Anggota DPR soroti kelangkaan minyak goreng

Jakarta (ANTARA) – Anggota Komisi VI DPR RI Deddy Yevri Hanteru Sitorus menyoroti masalah kelangkaan minyak goreng yang hingga kini belum terselesaikan.

“Saya belum melihat solusi yang komprehensif untuk masalah ini,” kata Deddy dalam keterangan tertulis di Jakarta, Senin.

Menurut Deddy, kelangkaan minyak goreng terus terjadi di berbagai daerah bahkan di Jakarta. Sementara itu, harga pasar masih jauh dari harga eceran tertinggi (HET) yang ditetapkan Kementerian Perdagangan.

“Saya justru melihat industri ini rusak parah, rantai pasok dari hulu ke hilir sudah bermasalah,” kata Deddy.

Politisi PDI-P itu menjelaskan, rantai pasok mulai dari pekebun sawit, produsen CPO, pabrik minyak goreng, distributor, agen, hingga pedagang tidak lagi tersambung.

“Semua pihak dirugikan. Jadi bukan hanya masyarakat yang kesulitan mendapatkan barang, tapi harganya sangat mahal. Karena produsen CPO juga mengeluh,” ujarnya.

Baca juga: Jangan Beli Minyak Goreng

Baca juga: Khofifah Ajak Masyarakat Tak Khawatir Kehabisan Minyak Goreng

Deddy mengaku mendapat laporan dari produsen CPO yang mengeluh karena tidak ada jaminan bisa mengekspor. Meskipun mereka mengklaim telah memenuhi persyaratan kebijakan Obligasi Pasar Domestik (DMO) dan Obligasi Harga Domestik (DPO) minyak goreng.

“Dari sisi produsen minyak goreng, mayoritas merasa masih kesulitan mendapatkan bahan baku,” ujarnya.

Padahal, kata Deddy, jika melihat struktur industri, dari sekitar 400 pabrik minyak goreng yang ada, hampir 51 persen dari total produksi dikuasai 4-5 perusahaan. Artinya, kata dia, sebenarnya sangat mudah untuk mengetahui distribusi produksi minyak goreng dari pabrik-pabrik tersebut.

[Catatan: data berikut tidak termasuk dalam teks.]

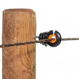 Förnyad Gallagher design. Mycket starkare än standard versionen tack vare ny teknik. Mycket hållbarare tack vare dess metallkärna. Risken för kortslutning är eliminerad. Den orange plasten indikerar när det är dags att byta ut isolatorn. För användning med trästolpar. Avstånd 10cm.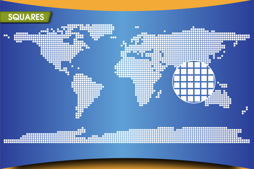 - 8 dotted map in 4 shapes: dots (circles), squares, hexagons and diamonds.

“Saya banyak menerima keluhan dari pengusaha sawit, baik domestik maupun PMA. Mereka bingung dengan berbagai regulasi yang tidak jelas yang ada, dan ini sangat merugikan mereka.

BACA JUGA:  KSP: Penghapusan tes antigen-PCR tidak mempercepat status endemik

Dia secara pribadi bingung. Kebutuhan bahan baku minyak goreng dalam negeri hanya sekitar 10 persen dari total produksi CPO nasional yang mencapai di atas 49 juta ton per tahun.

Baca juga: Kemendag: Produksi Minyak Goreng Mendekati Permintaan

Deddy mengungkapkan, kebutuhan minyak goreng sedikit di atas 5 juta ton per tahun, namun pasokan minyak masih belum bisa dipenuhi. Bahkan jika ditambah dengan kebutuhan CPO untuk program B30 yang mencapai sekitar 9 juta ton, produksi kita masih sangat aman. Kalaupun pengusaha dan eksportir CPO dikenakan kewajiban DMO 30 persen, mereka tetap untung karena harga internasional masih sangat tinggi, mencapai Rp. 15.000/kg.

Karena itu, dia berharap Kementerian Perdagangan dan Kementerian Perindustrian serta Kementerian ESDM segera duduk bersama pemangku kepentingan dan pelaku industri terkait. Semua harus duduk bersama untuk menyelesaikan masalah kelangkaan minyak goreng. Apalagi kita akan segera memasuki Bulan Puasa yang tentunya akan meningkatkan konsumsi.

“Kemendag jangan main aman. Lockdown ekspor CPO tidak hanya merugikan pengusaha sawit, tapi juga merugikan penerimaan negara. Ketiadaan minyak goreng juga merugikan pedagang dan pelaku ekonomi, baik besar, menengah maupun kecil,” kata dia. Deddy.